__Activity__. Once the line with "Notes – beležka" is found in the entries below, print it and each following line exactly, stopping after the line with "Con la acción"; print nothing else.

__Data shown__.
·····

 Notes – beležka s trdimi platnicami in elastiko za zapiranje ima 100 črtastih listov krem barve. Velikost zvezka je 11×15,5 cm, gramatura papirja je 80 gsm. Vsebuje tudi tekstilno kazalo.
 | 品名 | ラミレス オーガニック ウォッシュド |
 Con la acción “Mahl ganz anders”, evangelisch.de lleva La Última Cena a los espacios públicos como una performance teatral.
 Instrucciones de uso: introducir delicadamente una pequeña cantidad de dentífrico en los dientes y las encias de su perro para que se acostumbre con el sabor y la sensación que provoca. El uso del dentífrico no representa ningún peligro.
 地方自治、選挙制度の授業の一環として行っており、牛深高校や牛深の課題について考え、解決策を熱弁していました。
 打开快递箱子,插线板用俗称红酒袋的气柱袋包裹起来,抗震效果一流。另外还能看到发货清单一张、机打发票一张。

·····

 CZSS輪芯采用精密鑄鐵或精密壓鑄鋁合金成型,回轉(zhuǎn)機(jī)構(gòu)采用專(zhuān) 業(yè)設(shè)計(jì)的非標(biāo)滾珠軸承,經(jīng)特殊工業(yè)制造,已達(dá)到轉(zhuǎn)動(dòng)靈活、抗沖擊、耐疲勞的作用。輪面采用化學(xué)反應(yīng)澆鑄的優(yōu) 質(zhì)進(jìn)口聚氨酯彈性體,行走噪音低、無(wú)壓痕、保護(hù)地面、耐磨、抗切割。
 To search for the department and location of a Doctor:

·····

__Solution__.
 Notes – beležka s trdimi platnicami in elastiko za zapiranje ima 100 črtastih listov krem barve. Velikost zvezka je 11×15,5 cm, gramatura papirja je 80 gsm. Vsebuje tudi tekstilno kazalo.
 | 品名 | ラミレス オーガニック ウォッシュド |
 Con la acción “Mahl ganz anders”, evangelisch.de lleva La Última Cena a los espacios públicos como una performance teatral.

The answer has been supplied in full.